This paper proposes NASH method for neural network structure search. The core idea is similar to the previous EAS method, which uses network morphism to generate a series of complex subnets with consistent effects and inherited weights. In this paper, the network morphism is richer, and the search can be completed only with the assistance of simple mountain climbing algorithm, which takes 0.5GPU day. Xiao Fei algorithm engineering notes public number

Thesis: Simple And Efficient Architecture Search for Convolutional Neural Networks

  • Thesis Address:Arxiv.org/pdf/1711.04…

Introduction


The goal of the paper is to greatly reduce the amount of computing in network search and maintain the high performance of the results. The core idea is similar to EAS algorithm, and the main contributions are as follows:

  • The baseline method is provided, and the randomly constructed network is trained with SGDR. The error rate of ciFAR-10 can reach 6%-7%, which is higher than most NAS methods.
  • EAS extends the research on network morphisms and can provide popular network construction blocks, such as Skip Connection and BN.
  • In each iteration, a series of network morphisms are applied to the current network to obtain multiple new networks, and then cosine annealing is used for rapid optimization to obtain new networks with better performance.
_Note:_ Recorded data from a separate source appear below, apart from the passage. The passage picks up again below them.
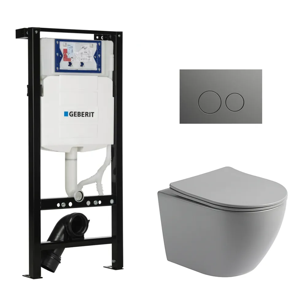 Toiletset Pietro randloos mat grijs met bedieningspaneel Flat gun metal geborsteld RVS en Plieger Duofix WC-element (UP320)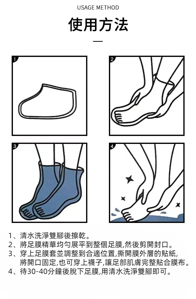 4、待30-40分鐘後脫下足膜,用清水洗淨雙腳即可。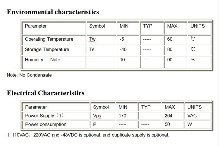 - Power supply: 86 - 265VAC or 48VDC (optional)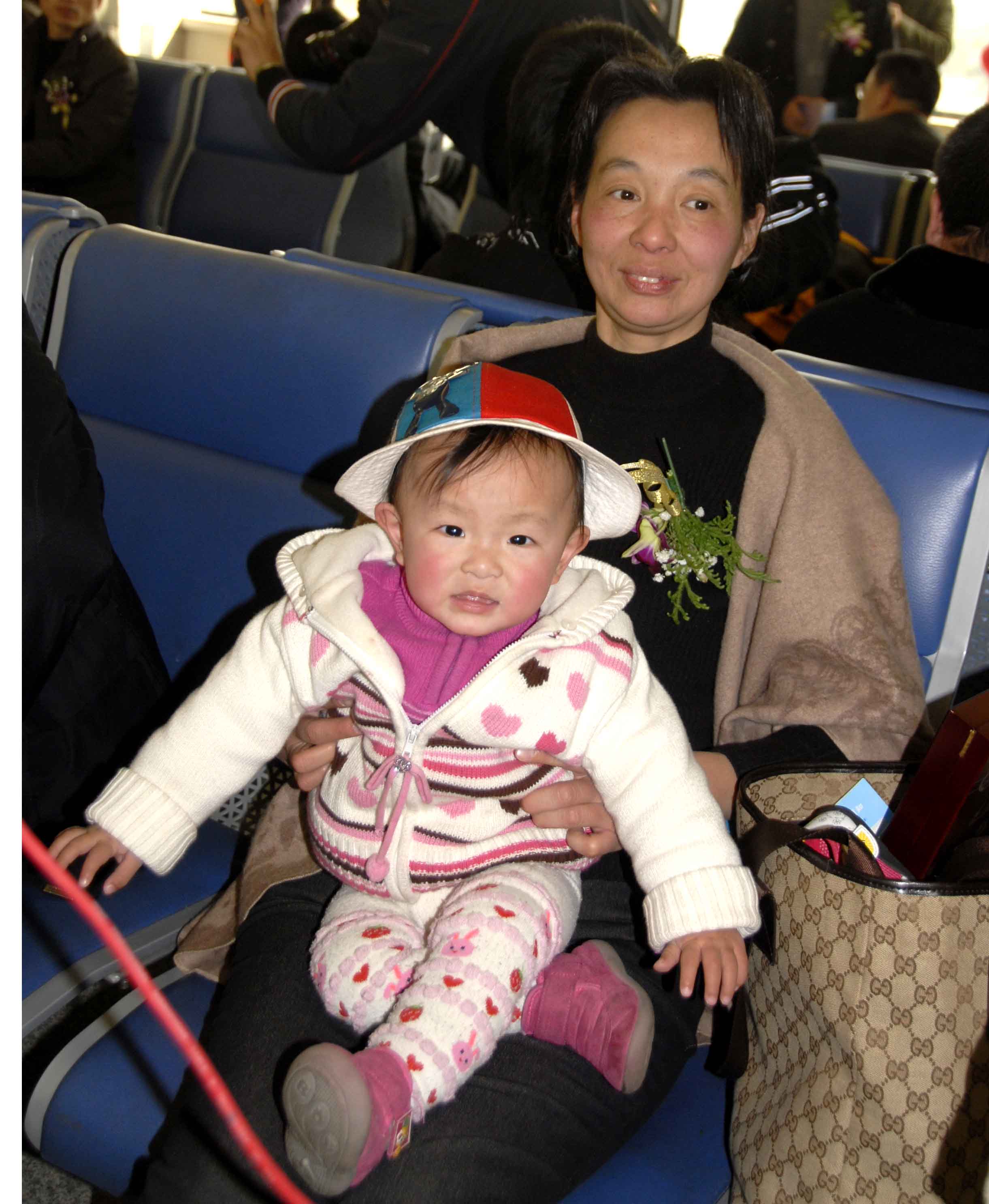 只有兩歲的劉家瑩是首航航班中年齡最小的乘客攝影:嚴越培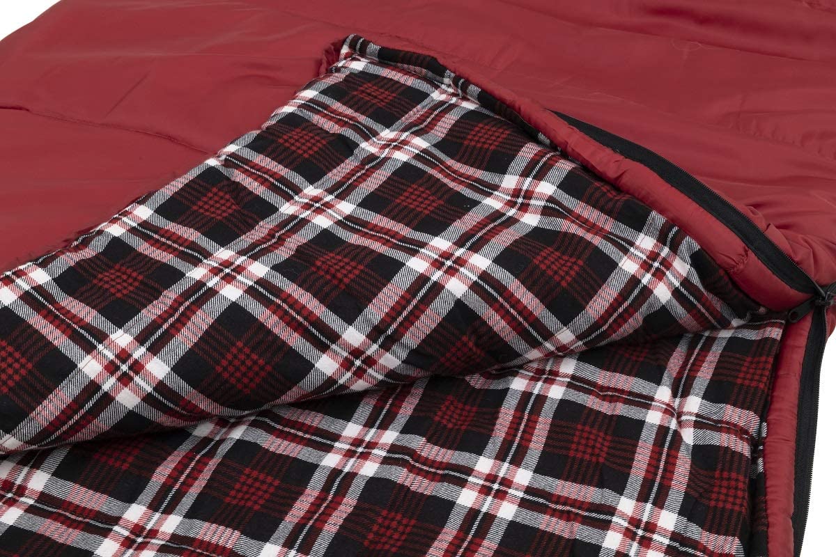 The French River Trail is a roomy rectangle bag with an oversized hood. It uses a 2-layer construction to help eliminate cold spots and keep you warm. There is also a zipper baffle to help seal in your body heat. It is composed of a 100% cotton flannel liner and rugged cotton canvas outer. When it's time to store or transport the bag, it conveniently rolls up with the roll-up straps so it's easy to carry and doesn't take up too much room. Two-layer construction, 100% Cotton Flannel liner, 190T Polyester Outer, Roll-up straps and standard stuff sack. Temperature Rating: +25°, Length: Long, Size 33" x 78", Total Weight: 5 lbs, PolyLoft Insulation, 48 oz. Fill Weight, #5 Separating Zippers, Packaging is Bilingual.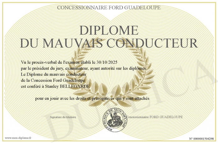 Envoyez par email votre Diplôme du mauvais conducteur personalisé

On CIFAR-10, NASH needed just 12 hours on a single card to reach baseline accuracy.

Network Morphism


forOn a series of networks, network morphism is the mapping, from the parameter isIn the networkConverts to the argumentIn the networkAnd satisfy Formula 1, that is, for the same input, the output of the network remains unchanged.

Examples of network morphisms of several standard network structures are given below:

Network morphism Type I

willI’m going to replace formula 2,In order to satisfy formula 1, setandCan be used to add a full connection layer.

Another more complicated strategy is formula 3,Set,and, can be used to express BN layer, whereandRepresents statistical structure,andBe learnableand.

Network morphism Type II

Assuming thatIt can be any functionSaid, that is,

You can.Coordinate with any functionSubstitute formula 4 for lambda.Set,. This morphism can be expressed in two forms:

  • Increasing the layer width willImagine a layer to be widened, setYou can double the layer width.
  • Skip Connection of concatenation type, assumedIs itself a series of layer operationsSet,To achieve short circuit connection.

Network morphism Type III

Any idempotent functionBoth can be initialized by substitution with formula 5, formula 5 also holds for idempotent functions with no weight, such as ReLU.

Network morphism Type IV

Any layerCan work with any functionMake the substitution for formula 6, initialize, can be used to combine arbitrary functions, especially nonlinear functions, and can also be used to add additive Skip connection.

In addition, different combinations of network morphisms can generate new morphisms, such as the “conv-batchnorm-relu” network structure that can be inserted after the ReLU layer by formulas 2, 3 and 5.

Architecture Search by Network Morphisms


NASH method is based on mountain climbing algorithm. It starts from small networks and generates larger sub-networks through network morphism. Due to the constraints of Formula 1, the performance of subnetworks is the same as that of the original network.

Figure 1 visualizes a step of NASH method. The ApplyNetMorph(Model, n) of Algorithm 1 contains N network morphism operations, each of which is a random one of the following methods:

  • Deepening the network, such as adding the conv-batchnorm-relu module, the insertion position and the size of the convolution kernel are random, and the number of channels is consistent with the most recent convolution operation.
  • Widen the network, for example, using Network Morphism Type II to widen the output channels at random proportions.
  • Add the layerThe layerSkup connection, using Network Morphism Type II or IV, the insertion location is randomly selected.

Because of the use of network morphism, the subnet inherits the weight of the original network and has consistent performance, NASH method has the advantage of being able to quickly evaluate the performance of the subnet. This paper uses a simple hill-climbing algorithm, of course, other optimization strategies can also be selected.

Experiments


Baslines

Retraining from Scratch

CIFAR-10

CIFAR-100

CONCLUSION


The core idea of NASH method is similar to the previous EAS method. Network morphism is used to generate a series of complex subnets with consistent effects and inherited weights. The network morphism in this paper is richer, and the search can be completed only with the assistance of simple mountain climbing algorithm, which takes 0.5GPU day





If this article is helpful to you, please click a like or watch it. For more content, please follow the wechat public account.